Martina Gusman and Ricardo Darin in Carancho |
After informing us that traffic accidents are the leading cause of death for Argentines under 35, Pablo Trapero’s insinuating thriller introduces the bottom feeders who profit from vehicular tragedy. Among them is Sosa (Ricardo Darín), a personal-injury lawyer waiting out the temporary loss of his license by working for thugs who scam victims out of the bulk of their insurance settlements. But when one of the ambulances he’s chasing opens to reveal Luján (Martina Gusman), a harried young doctor chasing demons of her own, Sosa begins to reassess his priorities.
Giving vivid life to a satellite industry that preys on the vulnerable, Carancho (the title means “vulture”) unfolds among the corrupt and the desperate, on damp nighttime streets and in bouncing ambulances.
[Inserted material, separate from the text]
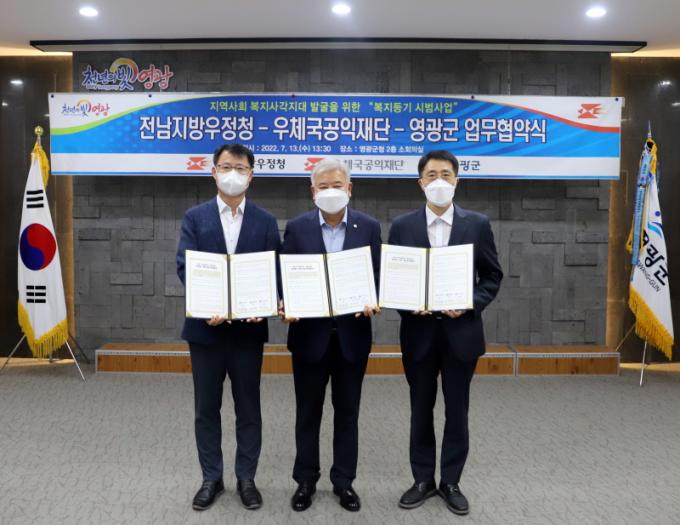 À̳¯ Çù¾à½Ä¿¡ Âü¼®ÇÑ ¼Û°üÈ£ Àü³²Áö¹æ¿ìÁ¤Ã»Àå°ú ¹ÚÁ¾¼® ¿ìü±¹°øÀÍÀç´Ü ÀÌ»çÀåÀº ¡°¿µ±¤±º°úÀÇ Àû±ØÀû Çù·ÂÀ» ÅëÇØ ¿ìÁ¤ ³×Æ®¿öÅ©¸¦ Ȱ¿ëÇÑ »çȸ¾ÈÀü¸Á ¿ªÇÒÀ» °ÈÇØ ³ª°¡°Ú´Ù¡±¸ç,¡°¼º°øÀûÀÎ ¿î¿µÀÌ µÉ ¼ö ÀÖµµ·Ï ½Ã¹ü»ç¾÷ Áö¿ø¿¡ ÃÖ¼±À» ´ÙÇϰڴ١±°í ¹àÇû´Ù.

At heart an unlovely love story illuminated by sudden flares of violence, the film reeks of hopelessness and moral destitution, offering its lovers few means of escape.
Luckily Darín has some experience playing a character trapped by his past, and as Sosa trawls for cases in morgues and emergency rooms, his gray face hovering over sheet-shrouded gurneys, he looks less like the scavenger of the film’s title than like a weary prisoner of his own mistakes.